### Task
Your task is to reproduce the listing exactly, without its images.

### Supplied data
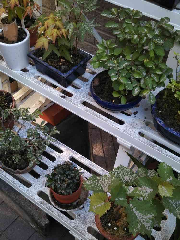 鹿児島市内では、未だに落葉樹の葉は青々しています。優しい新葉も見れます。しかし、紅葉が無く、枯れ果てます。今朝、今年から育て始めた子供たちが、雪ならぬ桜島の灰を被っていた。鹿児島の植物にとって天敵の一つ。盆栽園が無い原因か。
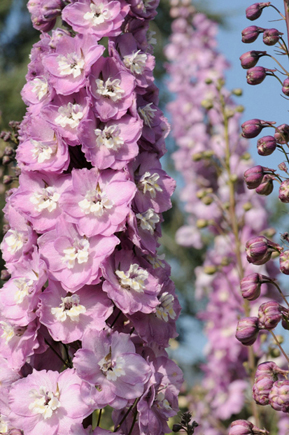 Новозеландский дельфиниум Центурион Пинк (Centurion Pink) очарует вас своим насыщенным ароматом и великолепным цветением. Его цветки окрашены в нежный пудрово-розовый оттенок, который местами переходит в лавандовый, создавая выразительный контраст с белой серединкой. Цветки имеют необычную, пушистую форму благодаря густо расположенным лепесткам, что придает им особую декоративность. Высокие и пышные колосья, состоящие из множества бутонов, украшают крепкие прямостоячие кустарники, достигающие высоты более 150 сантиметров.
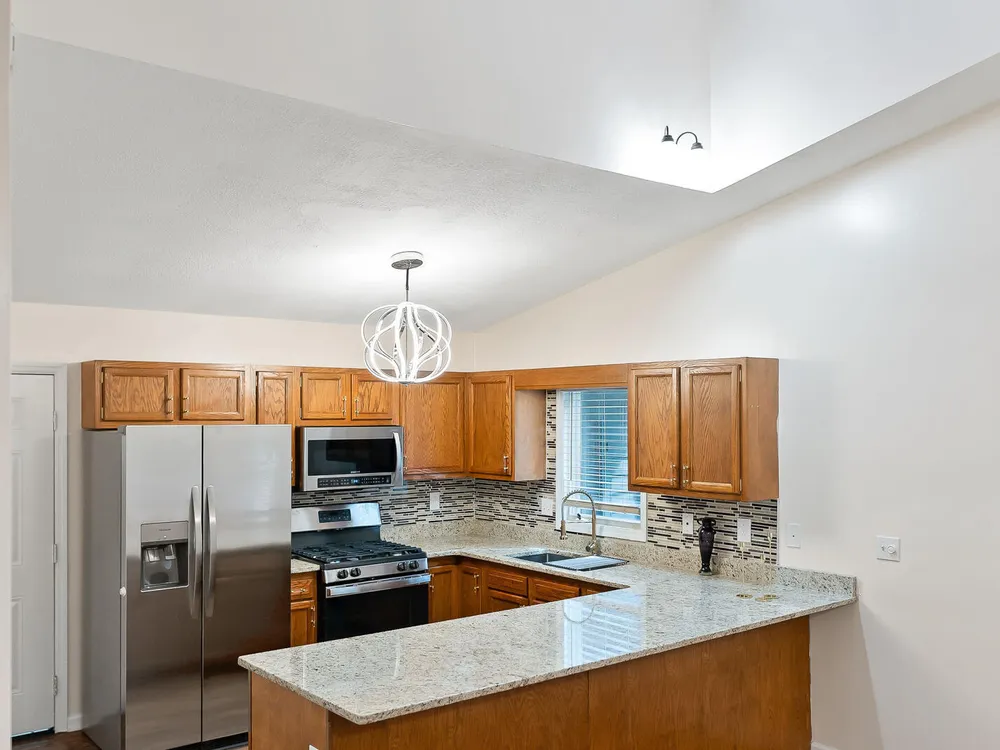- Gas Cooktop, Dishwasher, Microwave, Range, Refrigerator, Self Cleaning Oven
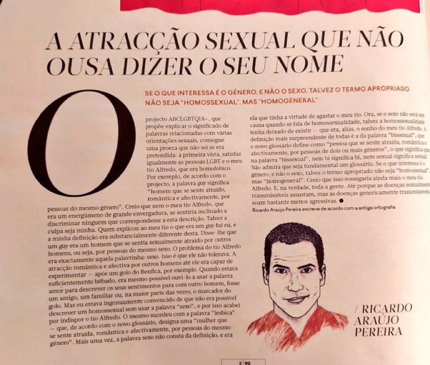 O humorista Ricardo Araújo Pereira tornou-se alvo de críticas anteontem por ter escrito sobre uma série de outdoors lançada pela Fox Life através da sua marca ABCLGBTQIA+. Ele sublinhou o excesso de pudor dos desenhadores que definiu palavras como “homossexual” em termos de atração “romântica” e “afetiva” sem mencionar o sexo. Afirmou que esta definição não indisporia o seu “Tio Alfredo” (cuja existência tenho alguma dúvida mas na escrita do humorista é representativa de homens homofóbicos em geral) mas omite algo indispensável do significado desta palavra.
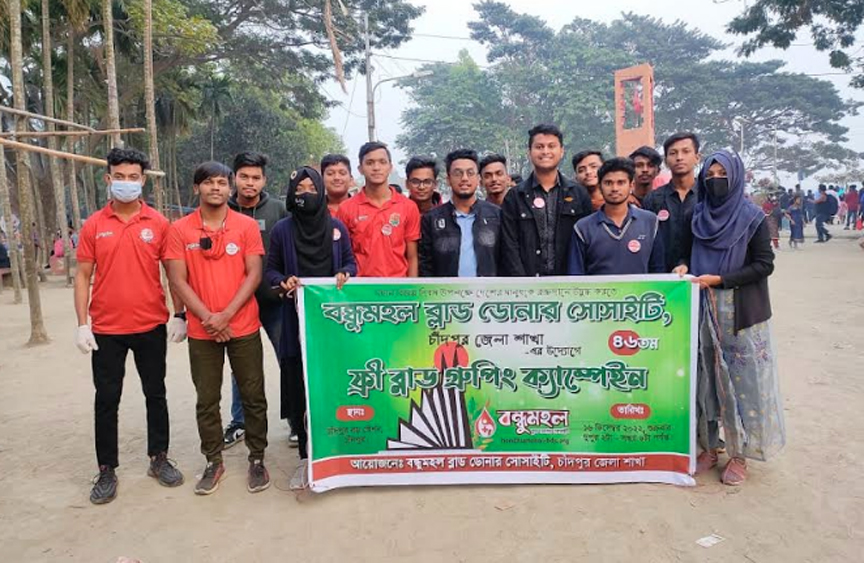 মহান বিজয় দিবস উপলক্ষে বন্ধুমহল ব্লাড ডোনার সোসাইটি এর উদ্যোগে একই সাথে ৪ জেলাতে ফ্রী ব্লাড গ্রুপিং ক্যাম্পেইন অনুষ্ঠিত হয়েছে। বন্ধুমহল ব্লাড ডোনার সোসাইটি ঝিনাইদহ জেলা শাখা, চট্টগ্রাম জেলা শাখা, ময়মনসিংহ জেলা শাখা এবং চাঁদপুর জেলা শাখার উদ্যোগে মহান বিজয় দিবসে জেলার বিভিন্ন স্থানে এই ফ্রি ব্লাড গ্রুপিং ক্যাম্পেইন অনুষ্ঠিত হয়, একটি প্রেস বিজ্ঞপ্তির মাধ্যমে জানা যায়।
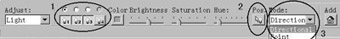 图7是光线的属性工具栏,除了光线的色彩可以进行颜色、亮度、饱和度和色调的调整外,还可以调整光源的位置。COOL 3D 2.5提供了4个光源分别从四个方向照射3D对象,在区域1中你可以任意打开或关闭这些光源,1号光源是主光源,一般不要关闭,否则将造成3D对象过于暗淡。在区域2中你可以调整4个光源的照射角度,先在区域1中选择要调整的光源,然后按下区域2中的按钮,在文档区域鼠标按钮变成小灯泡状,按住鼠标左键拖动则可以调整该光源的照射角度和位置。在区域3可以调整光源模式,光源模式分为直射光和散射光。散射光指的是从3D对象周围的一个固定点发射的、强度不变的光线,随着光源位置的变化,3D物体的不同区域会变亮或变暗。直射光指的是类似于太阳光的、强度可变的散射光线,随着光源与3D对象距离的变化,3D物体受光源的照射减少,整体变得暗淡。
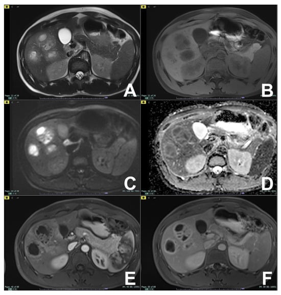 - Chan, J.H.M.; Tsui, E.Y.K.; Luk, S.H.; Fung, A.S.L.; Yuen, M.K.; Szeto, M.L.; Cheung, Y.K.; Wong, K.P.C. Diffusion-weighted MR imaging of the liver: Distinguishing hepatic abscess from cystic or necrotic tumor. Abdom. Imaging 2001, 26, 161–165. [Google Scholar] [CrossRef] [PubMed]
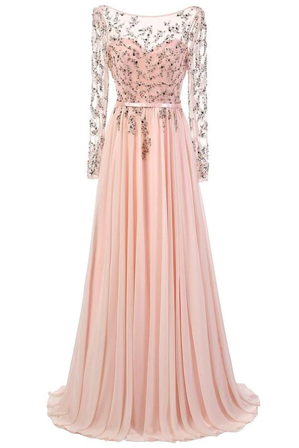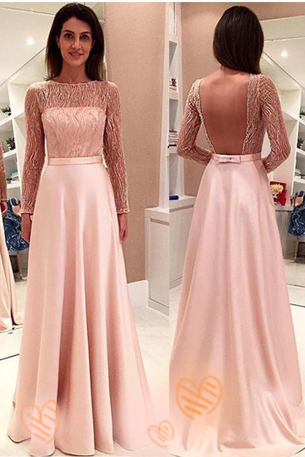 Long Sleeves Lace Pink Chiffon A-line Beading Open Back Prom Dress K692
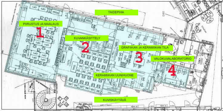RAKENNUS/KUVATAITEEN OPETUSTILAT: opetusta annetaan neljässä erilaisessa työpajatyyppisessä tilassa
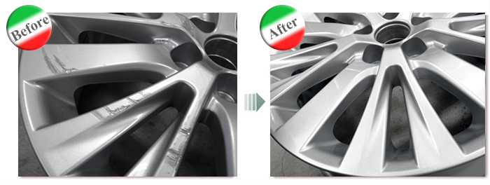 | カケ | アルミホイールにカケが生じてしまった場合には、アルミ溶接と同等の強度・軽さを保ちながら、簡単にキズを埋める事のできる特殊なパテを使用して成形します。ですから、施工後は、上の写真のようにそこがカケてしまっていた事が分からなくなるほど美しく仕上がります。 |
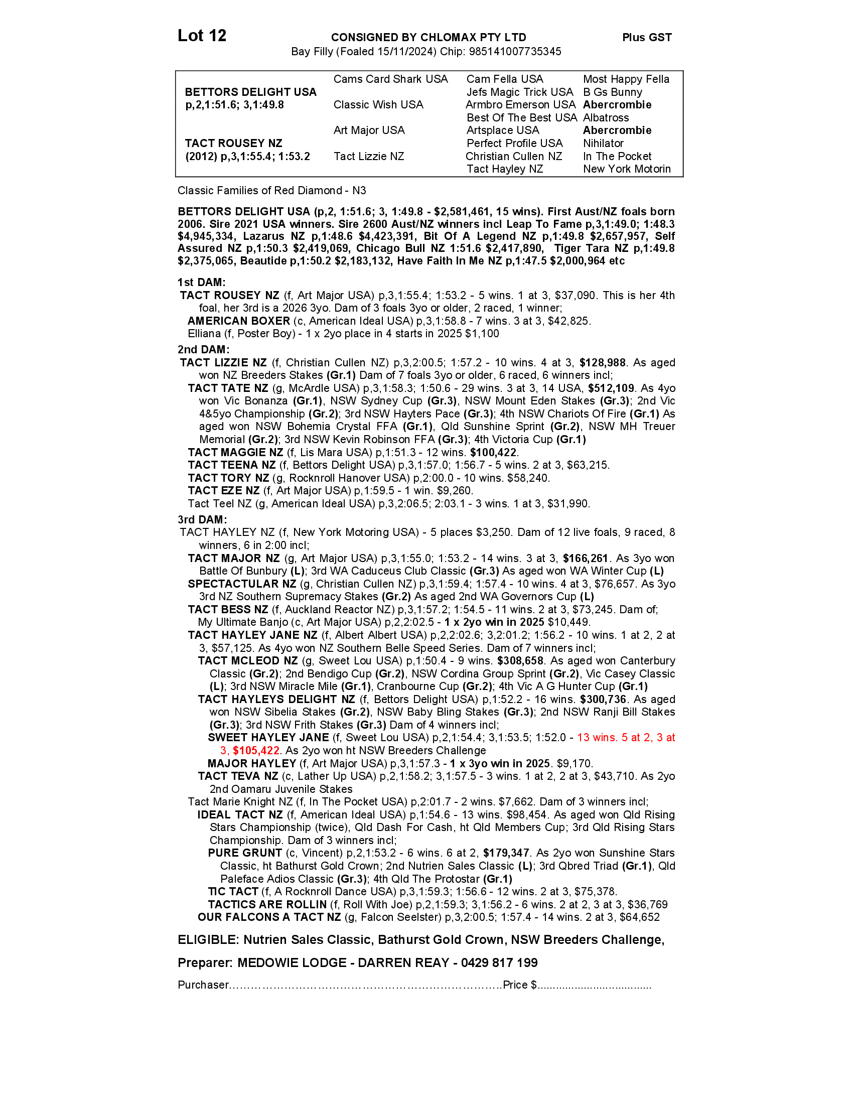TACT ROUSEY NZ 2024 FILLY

### Result below
 鹿児島市内では、未だに落葉樹の葉は青々しています。優しい新葉も見れます。しかし、紅葉が無く、枯れ果てます。今朝、今年から育て始めた子供たちが、雪ならぬ桜島の灰を被っていた。鹿児島の植物にとって天敵の一つ。盆栽園が無い原因か。
 Новозеландский дельфиниум Центурион Пинк (Centurion Pink) очарует вас своим насыщенным ароматом и великолепным цветением. Его цветки окрашены в нежный пудрово-розовый оттенок, который местами переходит в лавандовый, создавая выразительный контраст с белой серединкой. Цветки имеют необычную, пушистую форму благодаря густо расположенным лепесткам, что придает им особую декоративность. Высокие и пышные колосья, состоящие из множества бутонов, украшают крепкие прямостоячие кустарники, достигающие высоты более 150 сантиметров.
- Gas Cooktop, Dishwasher, Microwave, Range, Refrigerator, Self Cleaning Oven
 O humorista Ricardo Araújo Pereira tornou-se alvo de críticas anteontem por ter escrito sobre uma série de outdoors lançada pela Fox Life através da sua marca ABCLGBTQIA+. Ele sublinhou o excesso de pudor dos desenhadores que definiu palavras como “homossexual” em termos de atração “romântica” e “afetiva” sem mencionar o sexo. Afirmou que esta definição não indisporia o seu “Tio Alfredo” (cuja existência tenho alguma dúvida mas na escrita do humorista é representativa de homens homofóbicos em geral) mas omite algo indispensável do significado desta palavra.
 মহান বিজয় দিবস উপলক্ষে বন্ধুমহল ব্লাড ডোনার সোসাইটি এর উদ্যোগে একই সাথে ৪ জেলাতে ফ্রী ব্লাড গ্রুপিং ক্যাম্পেইন অনুষ্ঠিত হয়েছে। বন্ধুমহল ব্লাড ডোনার সোসাইটি ঝিনাইদহ জেলা শাখা, চট্টগ্রাম জেলা শাখা, ময়মনসিংহ জেলা শাখা এবং চাঁদপুর জেলা শাখার উদ্যোগে মহান বিজয় দিবসে জেলার বিভিন্ন স্থানে এই ফ্রি ব্লাড গ্রুপিং ক্যাম্পেইন অনুষ্ঠিত হয়, একটি প্রেস বিজ্ঞপ্তির মাধ্যমে জানা যায়।
 图7是光线的属性工具栏,除了光线的色彩可以进行颜色、亮度、饱和度和色调的调整外,还可以调整光源的位置。COOL 3D 2.5提供了4个光源分别从四个方向照射3D对象,在区域1中你可以任意打开或关闭这些光源,1号光源是主光源,一般不要关闭,否则将造成3D对象过于暗淡。在区域2中你可以调整4个光源的照射角度,先在区域1中选择要调整的光源,然后按下区域2中的按钮,在文档区域鼠标按钮变成小灯泡状,按住鼠标左键拖动则可以调整该光源的照射角度和位置。在区域3可以调整光源模式,光源模式分为直射光和散射光。散射光指的是从3D对象周围的一个固定点发射的、强度不变的光线,随着光源位置的变化,3D物体的不同区域会变亮或变暗。直射光指的是类似于太阳光的、强度可变的散射光线,随着光源与3D对象距离的变化,3D物体受光源的照射减少,整体变得暗淡。
 - Chan, J.H.M.; Tsui, E.Y.K.; Luk, S.H.; Fung, A.S.L.; Yuen, M.K.; Szeto, M.L.; Cheung, Y.K.; Wong, K.P.C. Diffusion-weighted MR imaging of the liver: Distinguishing hepatic abscess from cystic or necrotic tumor. Abdom. Imaging 2001, 26, 161–165. [Google Scholar] [CrossRef] [PubMed]
 Long Sleeves Lace Pink Chiffon A-line Beading Open Back Prom Dress K692
RAKENNUS/KUVATAITEEN OPETUSTILAT: opetusta annetaan neljässä erilaisessa työpajatyyppisessä tilassa
 | カケ | アルミホイールにカケが生じてしまった場合には、アルミ溶接と同等の強度・軽さを保ちながら、簡単にキズを埋める事のできる特殊なパテを使用して成形します。ですから、施工後は、上の写真のようにそこがカケてしまっていた事が分からなくなるほど美しく仕上がります。 |
TACT ROUSEY NZ 2024 FILLY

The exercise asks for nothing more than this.